═══ Dataset excerpt
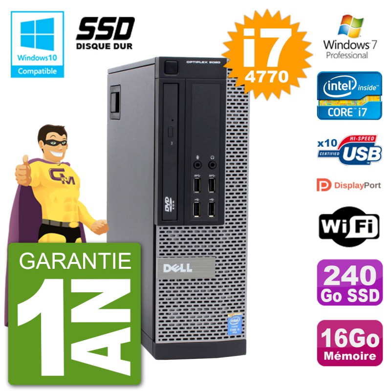 PC Dell 9020 SFF Intel i7-4770 RAM 16Go SSD 240Go Graveur DVD Wifi W7
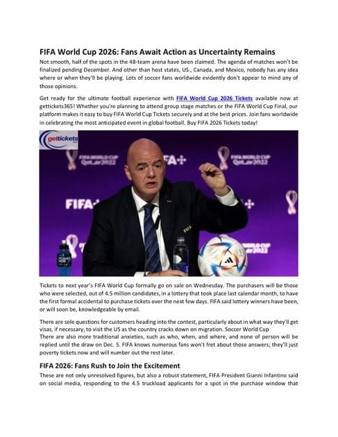Bibliobazar Free BooksFIFA World Cup Tickets: Uncertainty for FIFA, soccer fans over Trump’s America First policies for World Cup 2026
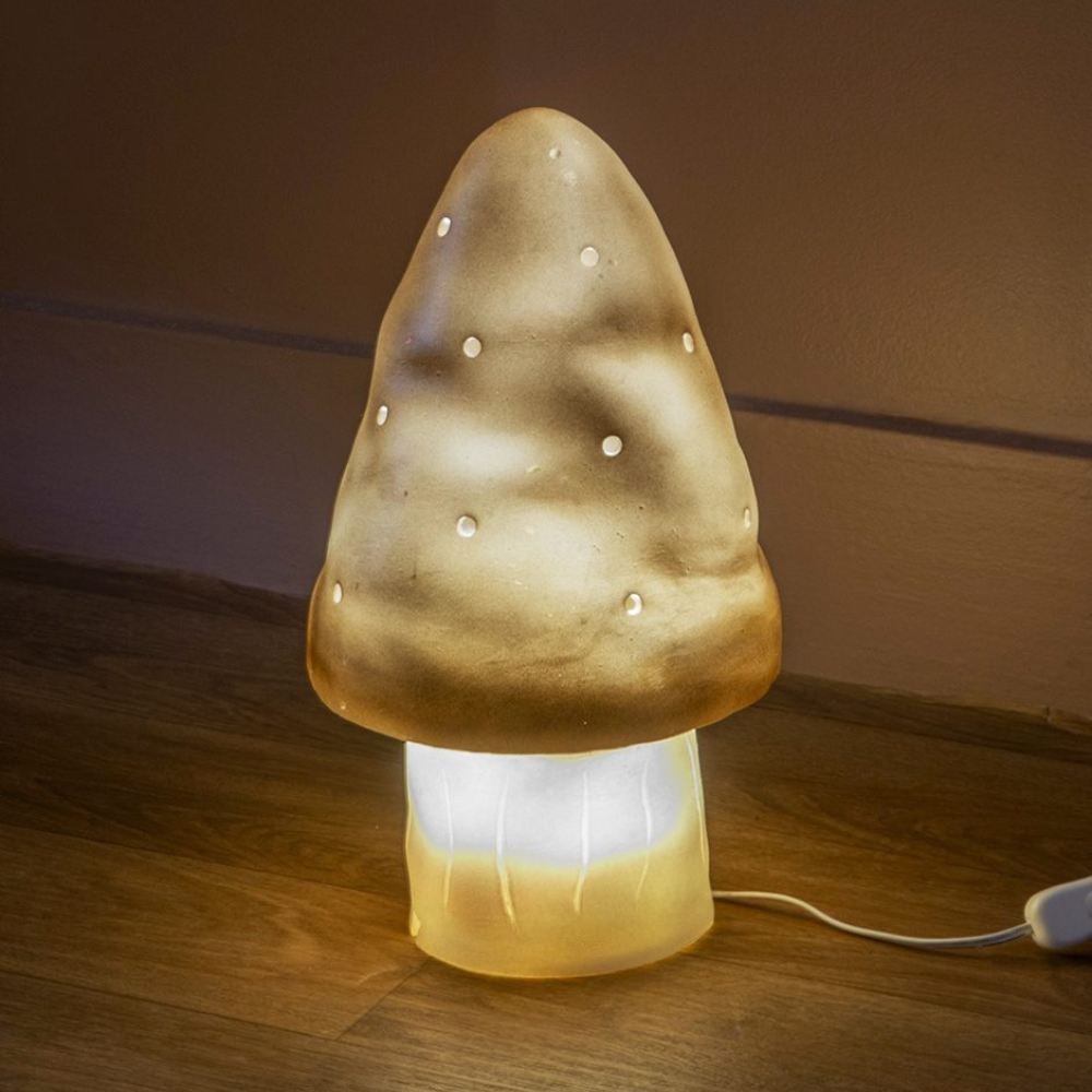 Het paddenstoelvormige bedlampje van Minikane is een charmant accent om gezelligheid toe te voegen aan een kinderhoekje.
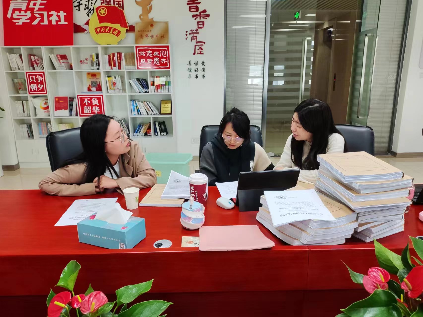 近日,栖霞区审计局在部门预算执行审计中,关注政府购买服务管理。审计人员通过查阅财务凭证及台账等资料,重点审查承接主体、政府购买服务实施范围、合同签订及履行等合规情况,促进政府采购领域公平竞争、助力优化营商环境。图为审计现场。(汪媛、庄添妍、张翠婷)
══════
_Exercise instructions:_ Copy out all of the material exactly as written, without its pictures.

_Exercise response:_
 PC Dell 9020 SFF Intel i7-4770 RAM 16Go SSD 240Go Graveur DVD Wifi W7
Bibliobazar Free BooksFIFA World Cup Tickets: Uncertainty for FIFA, soccer fans over Trump’s America First policies for World Cup 2026
 Het paddenstoelvormige bedlampje van Minikane is een charmant accent om gezelligheid toe te voegen aan een kinderhoekje.
 近日,栖霞区审计局在部门预算执行审计中,关注政府购买服务管理。审计人员通过查阅财务凭证及台账等资料,重点审查承接主体、政府购买服务实施范围、合同签订及履行等合规情况,促进政府采购领域公平竞争、助力优化营商环境。图为审计现场。(汪媛、庄添妍、张翠婷)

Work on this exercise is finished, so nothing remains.